ENTRIES SHOWN:
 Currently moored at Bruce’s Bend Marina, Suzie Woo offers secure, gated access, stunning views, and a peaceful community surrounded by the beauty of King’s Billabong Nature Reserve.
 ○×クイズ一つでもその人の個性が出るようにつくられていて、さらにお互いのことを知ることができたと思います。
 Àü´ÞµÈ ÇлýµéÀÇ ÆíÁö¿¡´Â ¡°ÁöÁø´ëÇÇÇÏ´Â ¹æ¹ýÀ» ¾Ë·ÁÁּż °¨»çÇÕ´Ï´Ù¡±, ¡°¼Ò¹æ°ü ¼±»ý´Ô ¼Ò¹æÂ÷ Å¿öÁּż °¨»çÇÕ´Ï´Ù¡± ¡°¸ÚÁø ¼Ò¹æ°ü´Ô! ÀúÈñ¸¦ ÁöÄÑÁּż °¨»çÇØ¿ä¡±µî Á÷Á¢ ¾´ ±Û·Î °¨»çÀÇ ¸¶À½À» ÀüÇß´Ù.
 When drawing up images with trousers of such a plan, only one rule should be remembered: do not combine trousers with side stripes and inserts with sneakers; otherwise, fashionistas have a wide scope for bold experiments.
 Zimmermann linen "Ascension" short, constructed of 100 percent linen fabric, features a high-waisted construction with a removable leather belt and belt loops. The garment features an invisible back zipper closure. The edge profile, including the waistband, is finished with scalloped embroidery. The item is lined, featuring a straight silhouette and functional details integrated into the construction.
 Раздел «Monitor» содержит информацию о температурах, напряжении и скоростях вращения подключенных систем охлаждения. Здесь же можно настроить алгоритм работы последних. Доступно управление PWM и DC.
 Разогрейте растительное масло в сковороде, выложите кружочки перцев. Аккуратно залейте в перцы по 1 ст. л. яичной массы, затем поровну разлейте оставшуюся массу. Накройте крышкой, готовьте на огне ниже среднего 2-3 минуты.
==
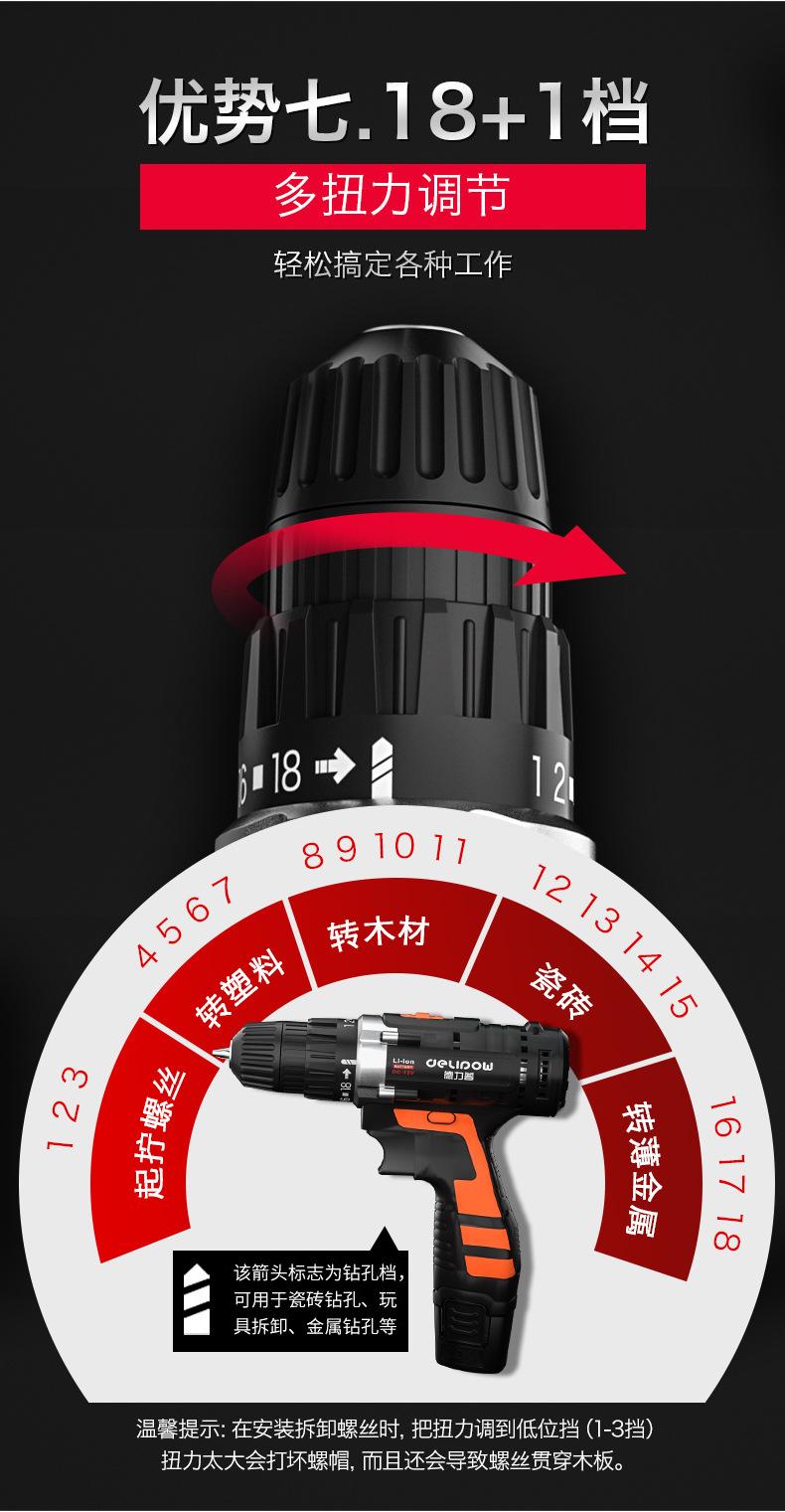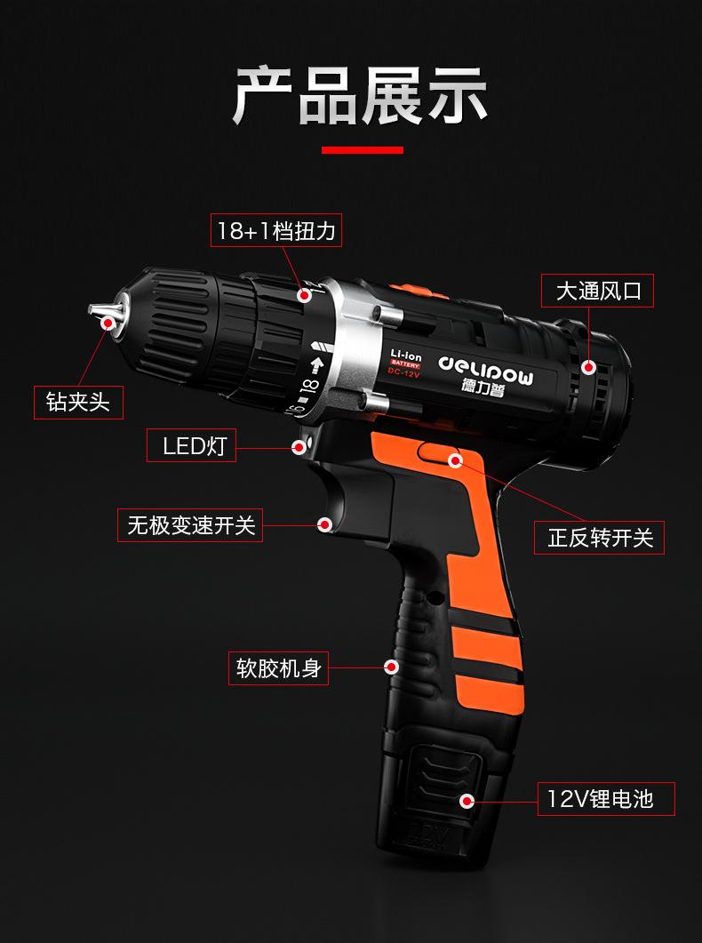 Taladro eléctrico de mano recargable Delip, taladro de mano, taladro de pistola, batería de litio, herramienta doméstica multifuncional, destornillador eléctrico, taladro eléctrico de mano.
...
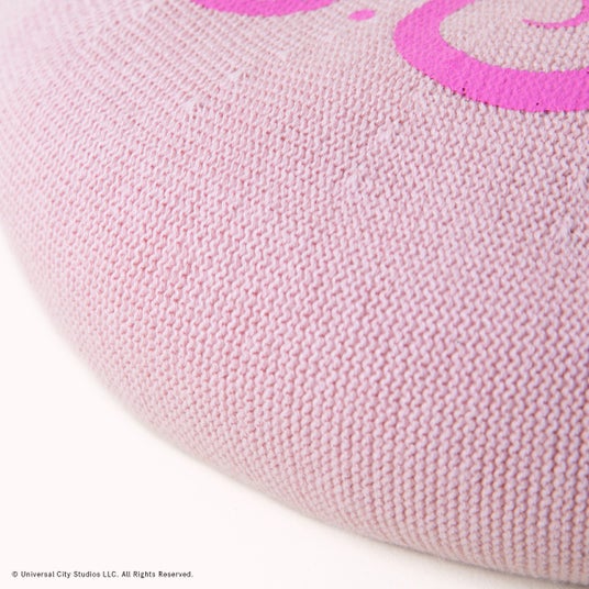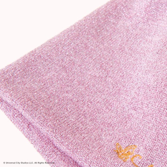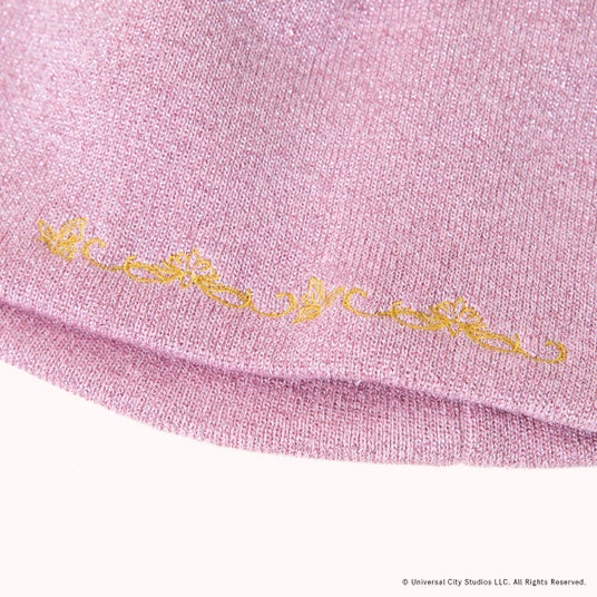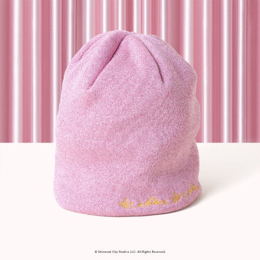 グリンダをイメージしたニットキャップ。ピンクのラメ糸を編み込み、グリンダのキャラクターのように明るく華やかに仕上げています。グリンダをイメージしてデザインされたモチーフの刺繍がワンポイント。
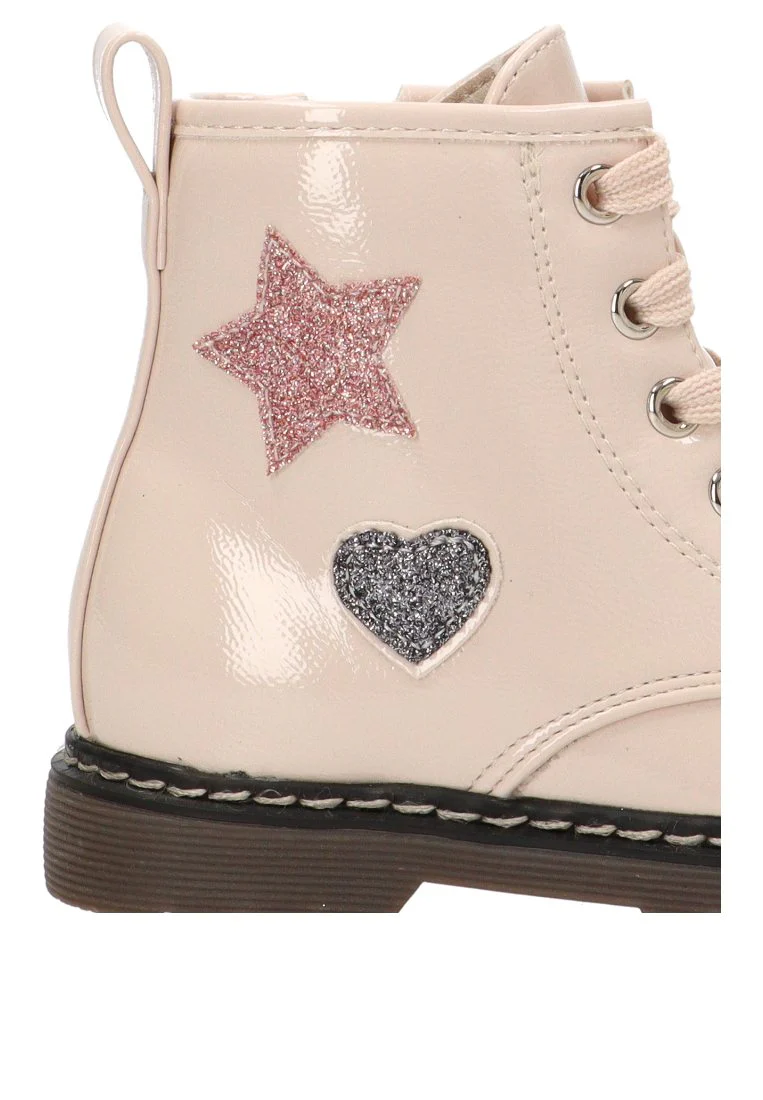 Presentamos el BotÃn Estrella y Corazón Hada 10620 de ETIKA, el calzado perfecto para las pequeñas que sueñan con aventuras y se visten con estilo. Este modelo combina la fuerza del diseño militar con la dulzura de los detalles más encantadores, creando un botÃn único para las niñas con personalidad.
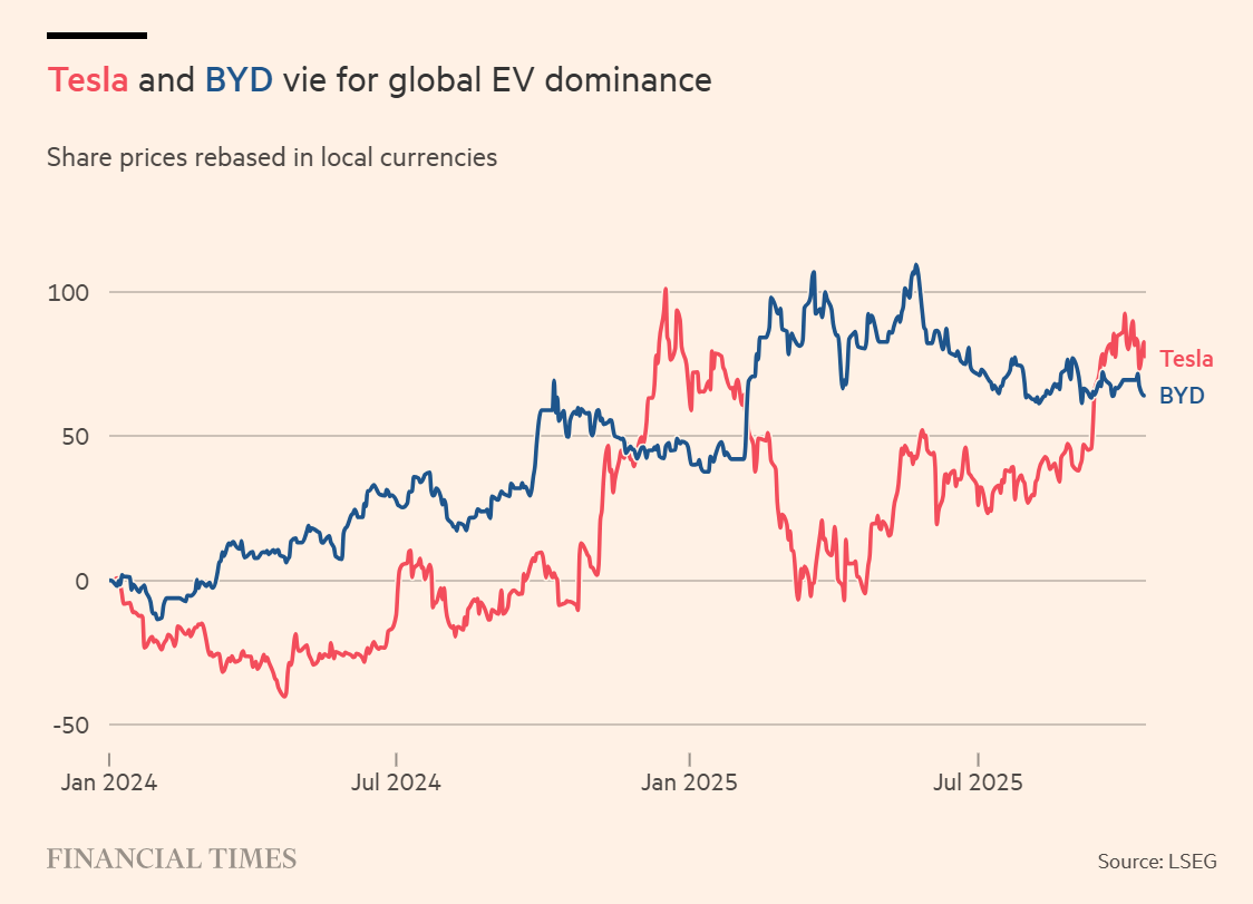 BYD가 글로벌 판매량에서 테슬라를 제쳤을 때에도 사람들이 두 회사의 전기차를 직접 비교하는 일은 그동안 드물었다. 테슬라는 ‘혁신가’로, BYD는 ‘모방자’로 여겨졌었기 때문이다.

WHAT YOU WILL DO:
In the records above, find the line with "Àü´ÞµÈ ÇлýµéÀÇ ÆíÁö¿¡´Â"; write out exactly that line and each one after it, stopping after the line with "When drawing up".

TASK SOLUTION:
 Àü´ÞµÈ ÇлýµéÀÇ ÆíÁö¿¡´Â ¡°ÁöÁø´ëÇÇÇÏ´Â ¹æ¹ýÀ» ¾Ë·ÁÁּż °¨»çÇÕ´Ï´Ù¡±, ¡°¼Ò¹æ°ü ¼±»ý´Ô ¼Ò¹æÂ÷ Å¿öÁּż °¨»çÇÕ´Ï´Ù¡± ¡°¸ÚÁø ¼Ò¹æ°ü´Ô! ÀúÈñ¸¦ ÁöÄÑÁּż °¨»çÇØ¿ä¡±µî Á÷Á¢ ¾´ ±Û·Î °¨»çÀÇ ¸¶À½À» ÀüÇß´Ù.
 When drawing up images with trousers of such a plan, only one rule should be remembered: do not combine trousers with side stripes and inserts with sneakers; otherwise, fashionistas have a wide scope for bold experiments.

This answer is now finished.